Numerical column dep_time contains many NA's (missing values)

# flights |> pull(dep_time) |> summary()
summary(flights$dep_time)
   Min. 1st Qu.  Median    Mean 3rd Qu.    Max.    NA's 
      1     907    1401    1349    1744    2400    8255 

Missing values (NA and variants) should be handled with care

NA & TRUE

[1] NA

NA | TRUE

[1] TRUE

Truth tables for three-valued logic

uses three-valued logic

Generate complete truth tables for and, or, xor

v <- c(TRUE, FALSE, NA) # truth values

list_tt <- map(c(`&`, `|`, xor),  #<<
               ~ outer(v, v, .x)) #<<

for (i in seq_along(list_tt)){
  colnames(list_tt[[i]]) <- v
  rownames(list_tt[[i]]) <- v
}

names(list_tt) <- c('& AND',
                    '| OR',
                    'XOR')

Truth tables

TRUE TRUE FALSE NA
FALSE FALSE FALSE FALSE
NA NA FALSE NA


TRUE TRUE TRUE TRUE
FALSE TRUE FALSE NA
NA TRUE NA NA


TRUE FALSE TRUE NA
FALSE TRUE FALSE NA
NA NA NA NA

slice(): choosing rows based on location

In base dataframe cells can be addressed by indices

flights[5000:5010,seq(1, 19, by=5)] returns rows 5000:5010 and columns 1, 6, 11 from dataframe flights

This can be done in a (verbose) dplyr way using slice() and select()

flights |>
  slice(5001:5005) |>  #<<
  select(seq(1, 19, by=5))

combined with aggregation (group_by()) variants of slice_ may be used to perform windowing operations

Useful variant slice_sample()

Joins : multi-table queries

Note

\(\bowtie(R,S, {\text{condition}})\)

stands for

join rows/tuples of \(R\) and rows/tuples of \(S\) that satisfy \(\text{condition}\)

nycflights tables

The nycflights13 package offers five related tables:

  • Fact tables:
    • flights
    • weather (hourly weather conditions at different locations)
  • Dimension tables:
    • airports (airports full names, location, …)
    • planes (model, manufacturer, year, …)
    • airlines (full names)

This is an instance of a Star Schema

About Star schemas

  • Fact tables record measurements for a specific event

  • Fact tables generally consist of numeric values, and foreign keys to dimensional data where descriptive information is kept

  • Dimension tables record informations about entities involved in events recorded in Fact tables

weather conditions

weather |>
  glimpse(width = 50)
Rows: 26,115
Columns: 15
$ origin     <chr> "EWR", "EWR", "EWR", "EWR", "…
$ year       <int> 2013, 2013, 2013, 2013, 2013,…
$ month      <int> 1, 1, 1, 1, 1, 1, 1, 1, 1, 1,…
$ day        <int> 1, 1, 1, 1, 1, 1, 1, 1, 1, 1,…
$ hour       <int> 1, 2, 3, 4, 5, 6, 7, 8, 9, 10…
$ temp       <dbl> 39.02, 39.02, 39.02, 39.92, 3…
$ dewp       <dbl> 26.06, 26.96, 28.04, 28.04, 2…
$ humid      <dbl> 59.37, 61.63, 64.43, 62.21, 6…
$ wind_dir   <dbl> 270, 250, 240, 250, 260, 240,…
$ wind_speed <dbl> 10.35702, 8.05546, 11.50780, …
$ wind_gust  <dbl> NA, NA, NA, NA, NA, NA, NA, N…
$ precip     <dbl> 0, 0, 0, 0, 0, 0, 0, 0, 0, 0,…
$ pressure   <dbl> 1012.0, 1012.3, 1012.5, 1012.…
$ visib      <dbl> 10, 10, 10, 10, 10, 10, 10, 1…
$ time_hour  <dttm> 2013-01-01 01:00:00, 2013-01…

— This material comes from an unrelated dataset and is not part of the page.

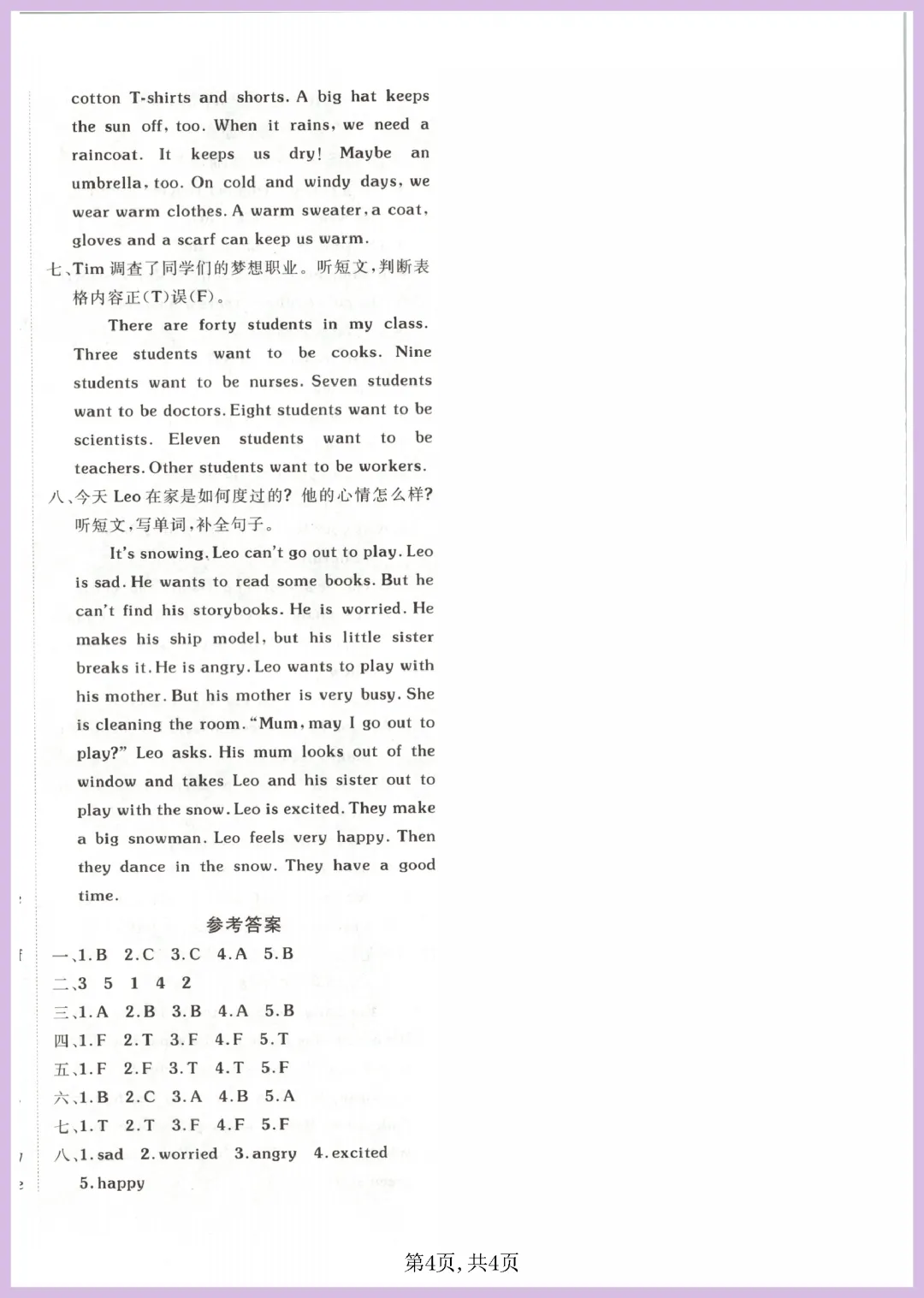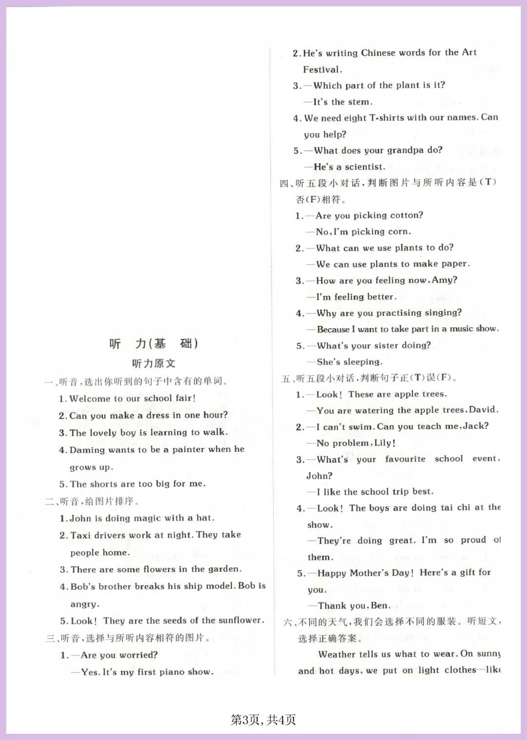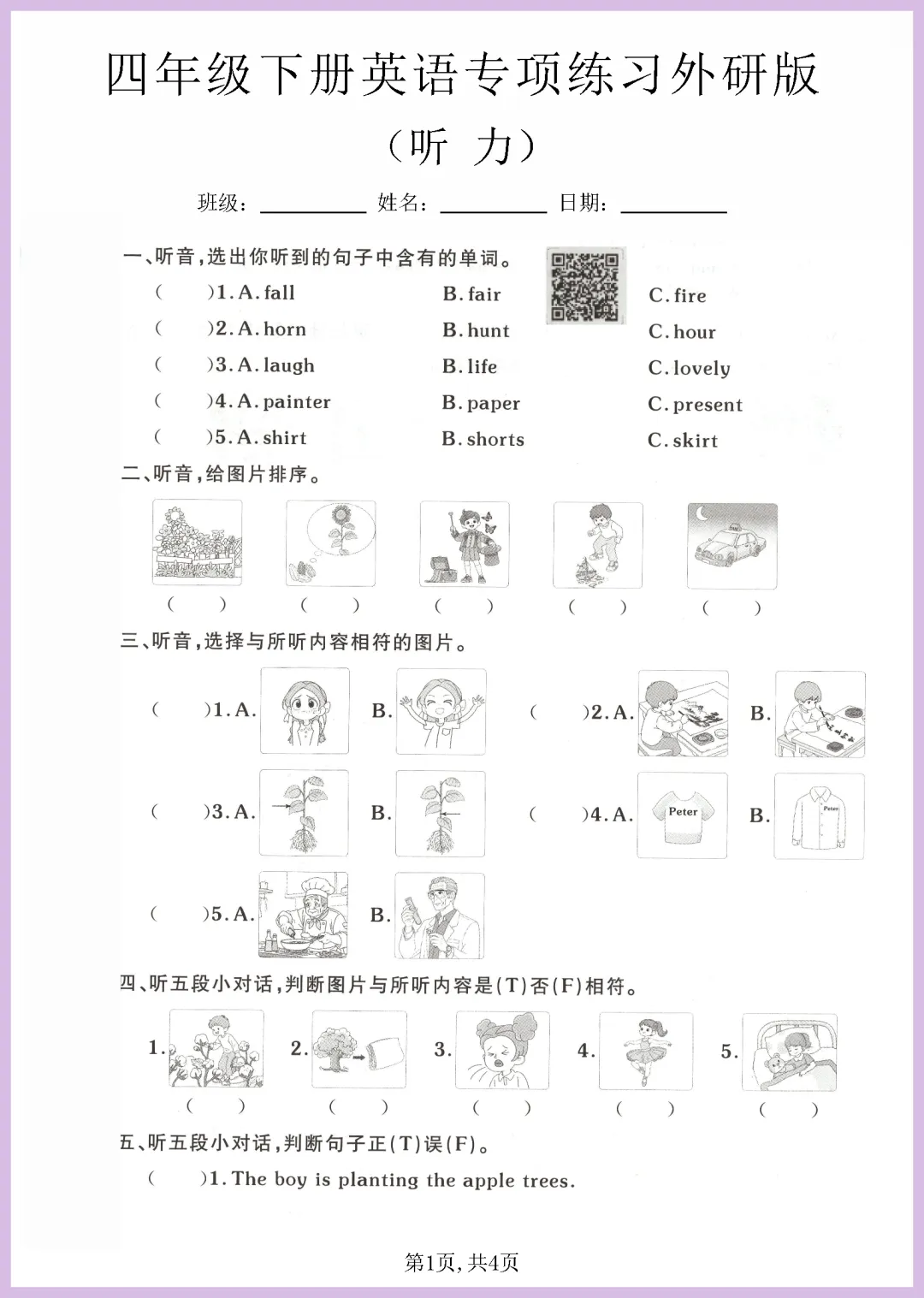 各位家长看过来!这份 2024 年外研版四年级下册英语听力专项练习来啦,共 4 页精编内容。资料紧扣教材重点,涵盖日常对话、短文理解等核心题型,能有效帮助孩子磨耳朵、抓关键词,轻松攻克听力难关,提升做题准确率与自信心。每天练一练,进步看得见!资源免费分享,需要的家长赶紧下载打印,让孩子趁热打铁练起来吧!

Connecting flights and weather

We want to complement information in flights using data weather

Motivation: we would like to relate delays (arr_delay) and weather conditions

  • can we explain (justify) delays using weather data?

  • can we predict delays using weather data?

For each flight (row in flights)

  • year, month, day, hour (computed from time_hour) indicate the approaximate time of departure

  • origin indicates the airport where the plane takes off

Each row of weather contains corresponding information

for each row of flights we look for rows of weather with matching values in year, month, day, hour and origin

NATURAL INNER JOIN between the tables

inner_join: natural join

f_w <- flights |>
  inner_join(weather) #<<

f_w |> 
  select(seq(1, 
             ncol(f_w),
             by=2)) |> 
  glimpse(width=50)
Rows: 335,220
Columns: 14
$ year           <int> 2013, 2013, 2013, 2013, 2…
$ day            <int> 1, 1, 1, 1, 1, 1, 1, 1, 1…
$ sched_dep_time <int> 515, 529, 540, 545, 600, …
$ arr_time       <int> 830, 850, 923, 1004, 812,…
$ arr_delay      <dbl> 11, 20, 33, -18, -25, 12,…
$ flight         <int> 1545, 1714, 1141, 725, 46…
$ origin         <chr> "EWR", "LGA", "JFK", "JFK…
$ air_time       <dbl> 227, 227, 160, 183, 116, …
$ hour           <dbl> 5, 5, 5, 5, 6, 5, 6, 6, 6…
$ time_hour      <dttm> 2013-01-01 05:00:00, 201…
$ dewp           <dbl> 28.04, 24.98, 26.96, 26.9…
$ wind_dir       <dbl> 260, 250, 260, 260, 260, …
$ wind_gust      <dbl> NA, 21.86482, NA, NA, 23.…
$ pressure       <dbl> 1011.9, 1011.4, 1012.1, 1…

Join schema

The schema of the result is the union of the schemas of the operands

A tuple from flights matches a tuple from weather if the tuple have the same values in the common columns:

 [1] "year"           "month"          "day"            "dep_time"      
 [5] "sched_dep_time" "dep_delay"      "arr_time"       "sched_arr_time"
 [9] "arr_delay"      "carrier"        "flight"         "tailnum"       
[13] "origin"         "dest"           "air_time"       "distance"      
[17] "hour"           "minute"         "time_hour"      "temp"          
[21] "dewp"           "humid"          "wind_dir"       "wind_speed"    
[25] "wind_gust"      "precip"         "pressure"       "visib"         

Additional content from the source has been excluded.